Archive for September, 2007

Throwing Replication into the mix

Sunday, September 16th, 2007

Bill de hÓra pointed me at a discussion about ad hoc querying that I’d forgotten about being a part of. The page has a 2007 copyright, but the discussion actually happened several years before. A bit of context might help: Luke Hohmann was VP of Engineering at Aurigin; Chuck Rabb and I worked under him. We had a fully normalized (3NF) database of U.S. Patents from 1970 on, fully text indexed, with images, and with some funky analytics built on top of it, all on 1997 technology (think RAID arrays build from 18Gb drives, driven by smoking hot 200Mhz processors). Much of what I know about physical database design comes from working with Chuck, scary as that might be to him.
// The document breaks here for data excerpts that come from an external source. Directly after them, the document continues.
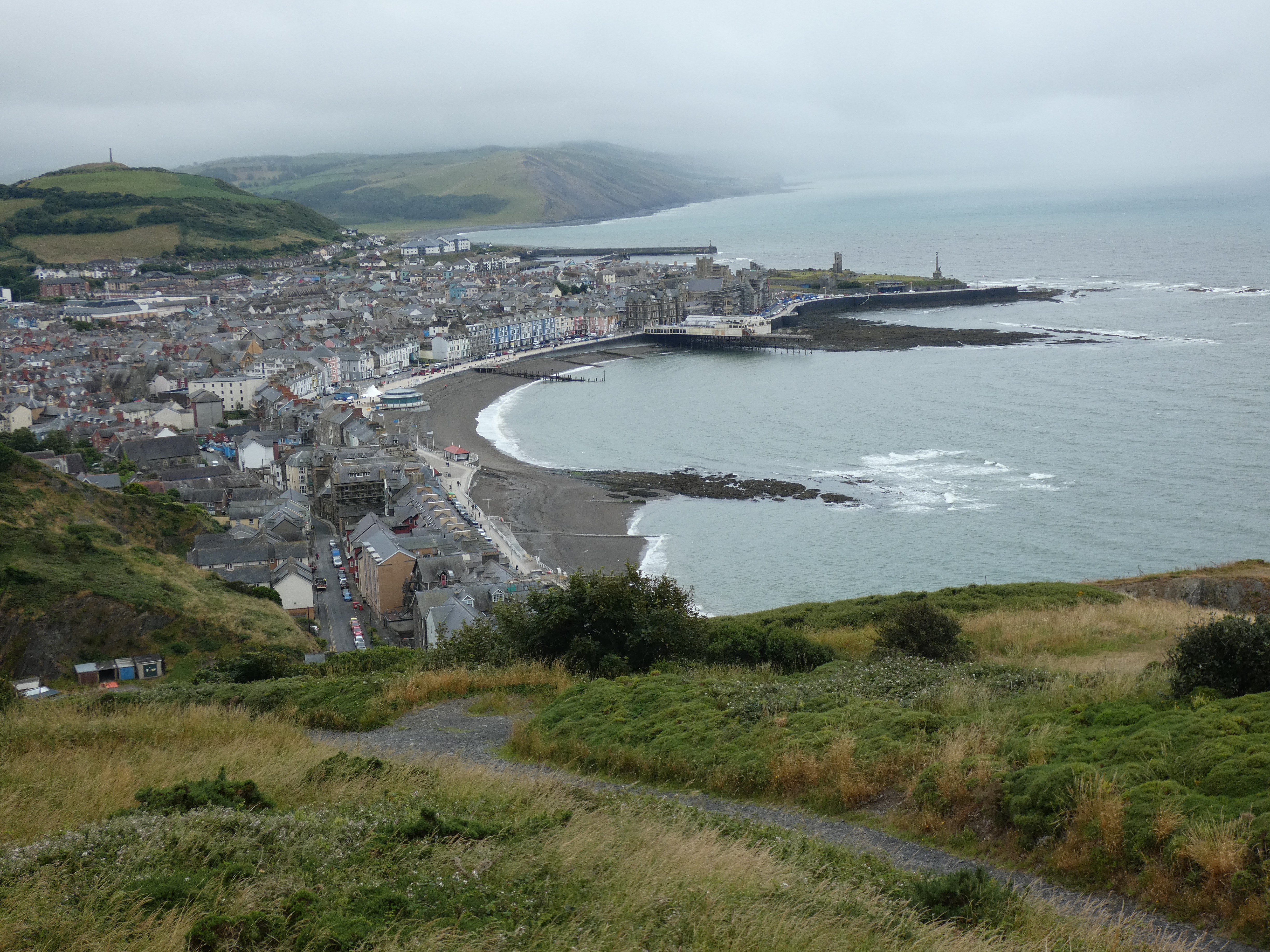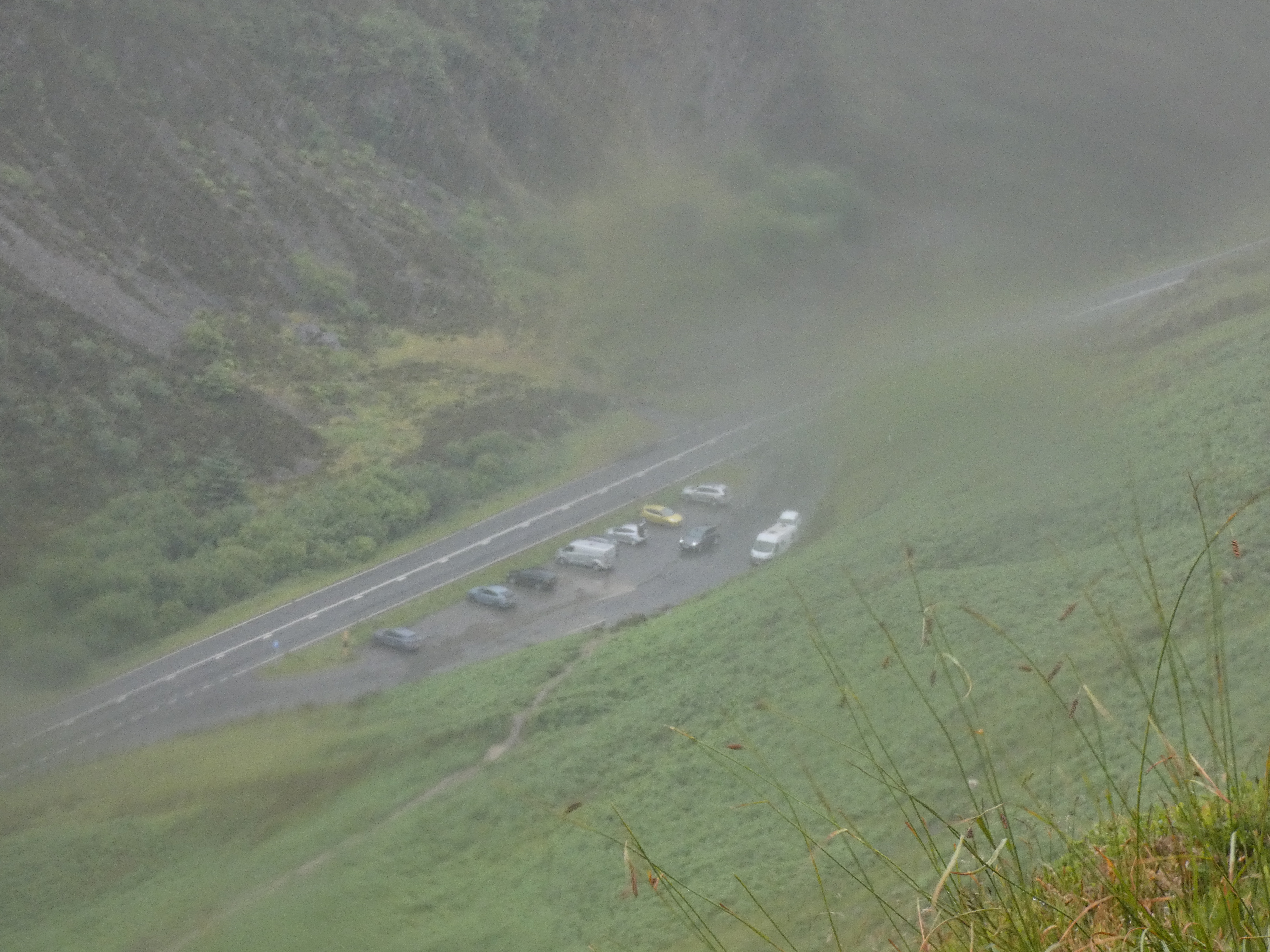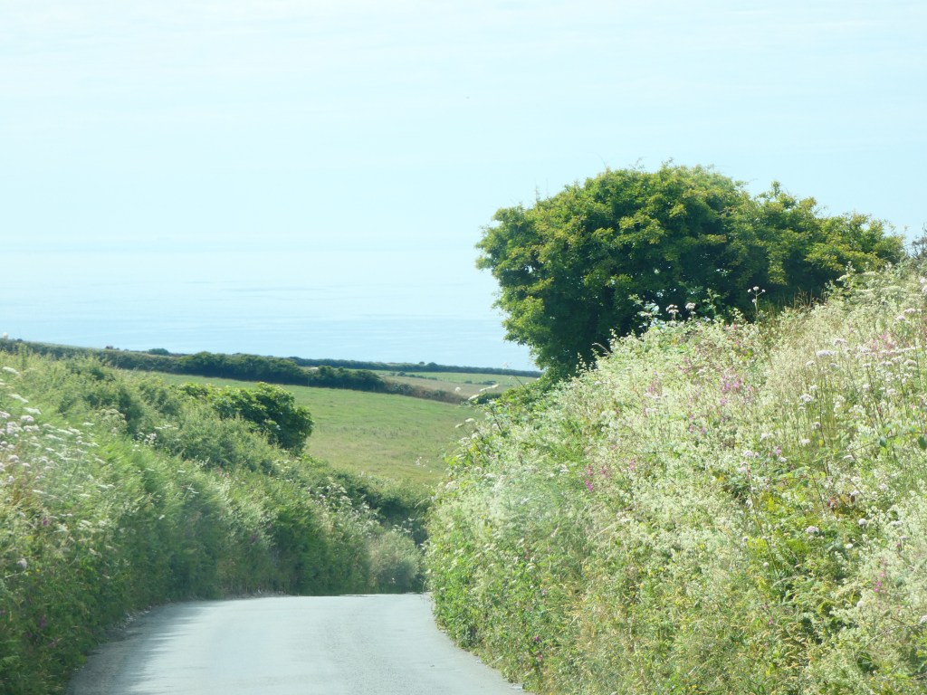 Bij Aberystwych de weg zuidwaarts langs de kust, richting de Pembrokeshire coast, immens natuurgebied, direct aan de kust. Eerste doel Tresaith. de weg brengt me hoog langs de kust, zelfs een stuk door wolken, wat niet echt leuk is. Mist is dan nog beter dan die wolken, die flarden van wel en niet zicht geven en volle concentratie vergen.
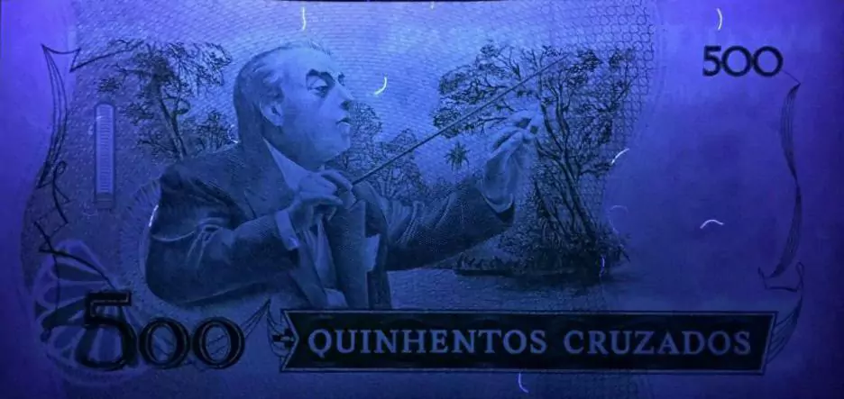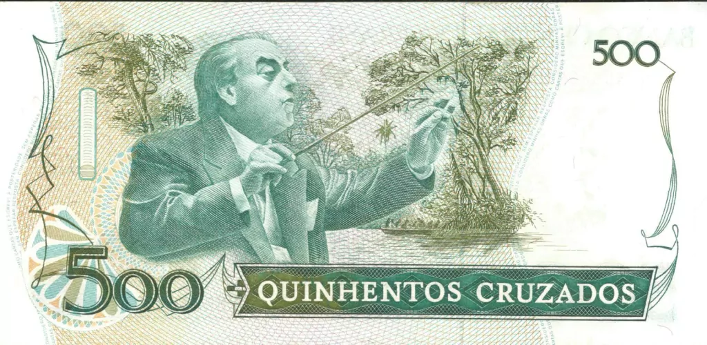 Reverso: Ao fundo, uma gravura baseada na obra de Johann Moritz Rugendas, representando uma floresta primitiva brasileira na margem de um rio, onde aparece uma canoa transportando pessoas. O conjunto de imagens é ladeado pela frase "Considero minhas obras como cartas que escrevi à posteridade sem esperar resposta", proferida pelo maestro, repetidamente escrita em duas linhas sobrepostas, cada uma para uma linha de cada lado.
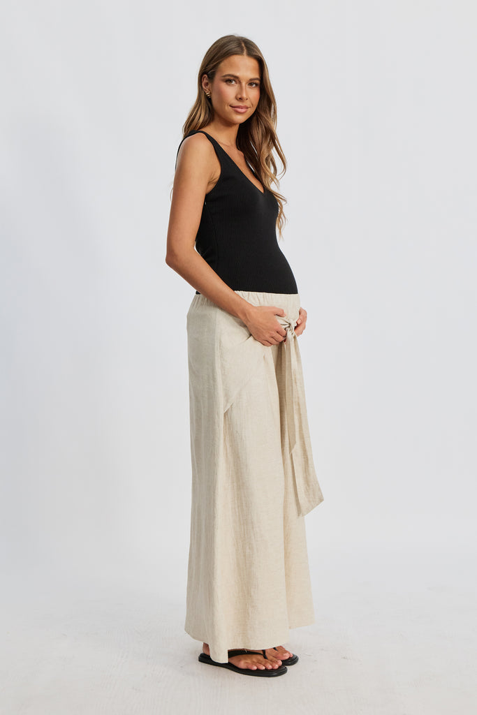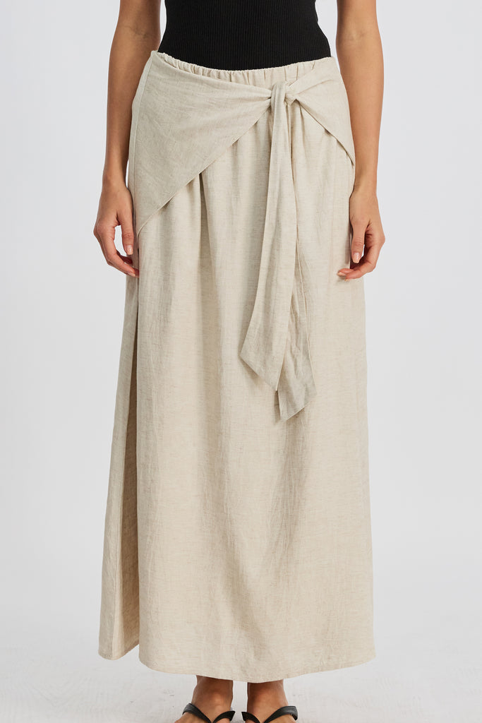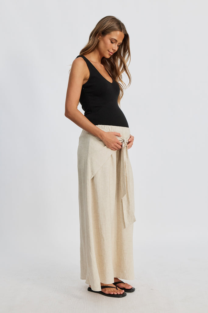 The Junie Tie-Front Midi Skirt in Natural redefines everyday ease with thoughtful design and timeless texture. Crafted from a rayon-linen blend with a touch of nylon to reduce crinkling and shrinkage, this piece blends natural drape with modern practicality—perfect for styling through every stage of motherhood and beyond.
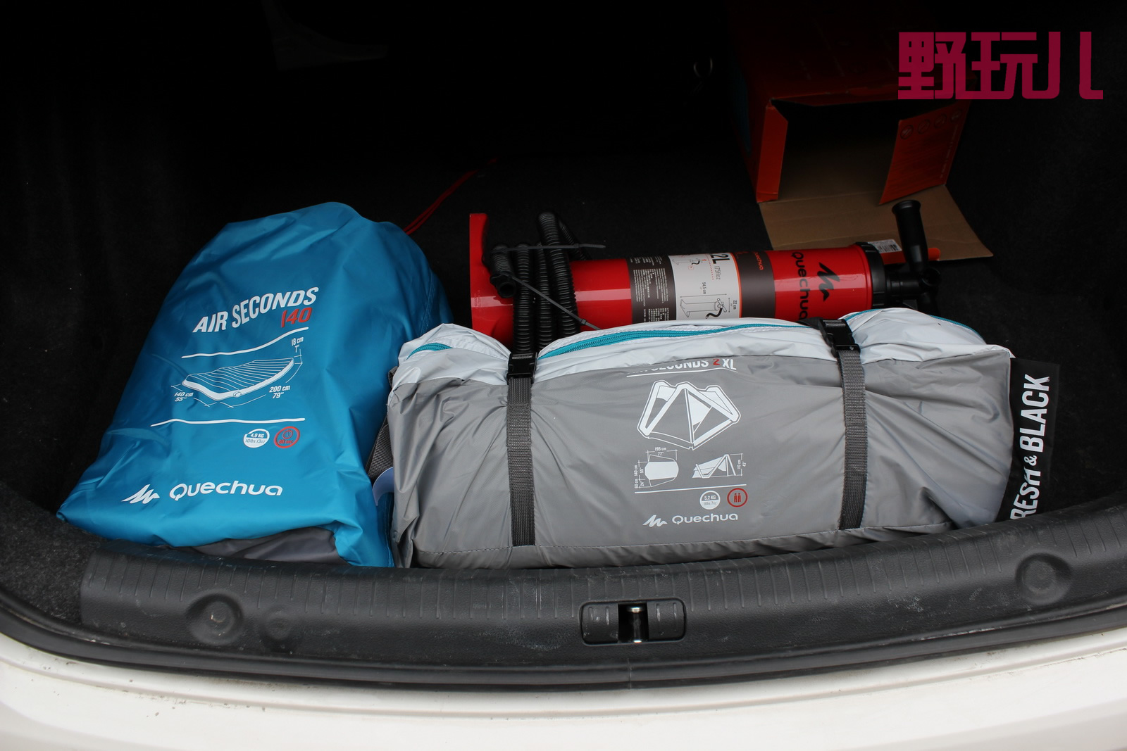 QUECHUA(趣岳)这套露营装备非常适合有车一族,其无骨架的设计,堆放在后备箱中不担心挤压的问题。但因为整套产品有一个必不可少的5.2L手压式充气泵。所以这套产品相对于徒步装备来说,更适合家庭自驾出行。为什么搭配5.2L手压式气泵?它虽然有一定体积,但重量不大,充放气效率高,配有气压表,三个转接头,十分便捷。
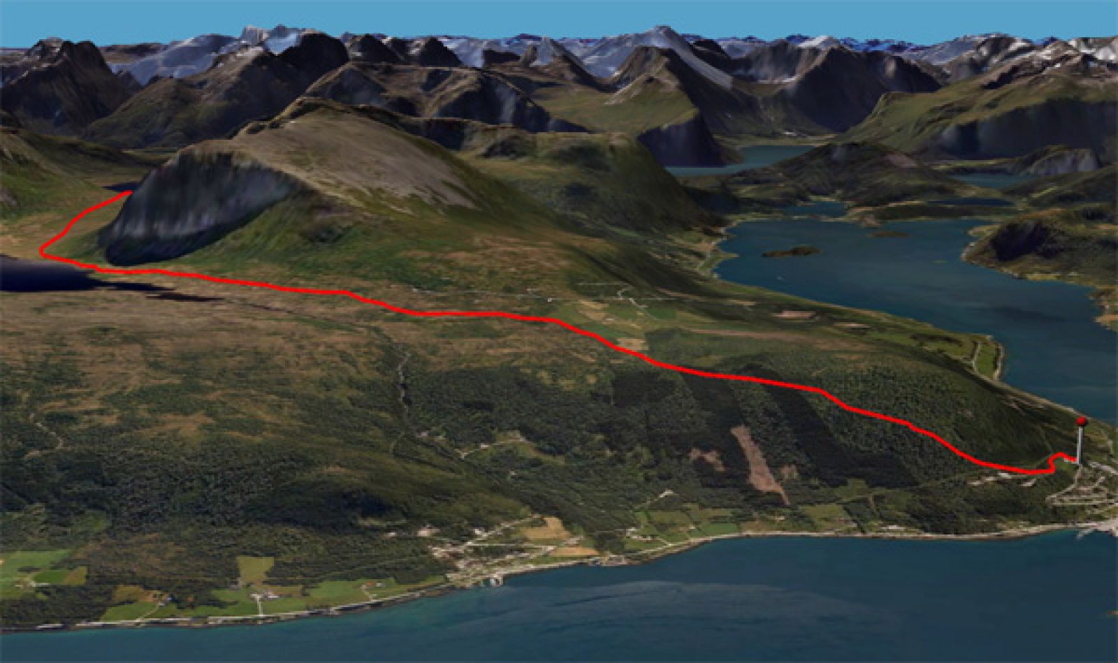 Parker ved idrettsbana på Åfarnes (øverst i boligfeltet). Følg vegen som går paralellt på oppsiden av fotballbana til enden av bana. og et par hundre meter videre. Ta av på sti opp til høyre like før trialområdet. og følg denne opp lia gjennom skogen.

In the discussion I advocated using a separate “data warehouse” for ad hoc queries. Time has passed, and I’ve picked up a few more tricks. If we were to have the discussion again today, I’d add another option: running ad hoc queries against a database replica. Replication is a lot more approachable now than it was a few years back, especially if you’re using MySQL or PostreSQL. Replicas are a way of separating reads from writes, allowing you to do both reporting and ad hoc analysis against nearly live data without degrading performance on your primary database. If your primary schema is sufficient for your ad hoc query needs, replication can be quite cost effective.

If you’re architecting a web application that’s going to have to scale, a basic understanding of replication and its limits is now a must have.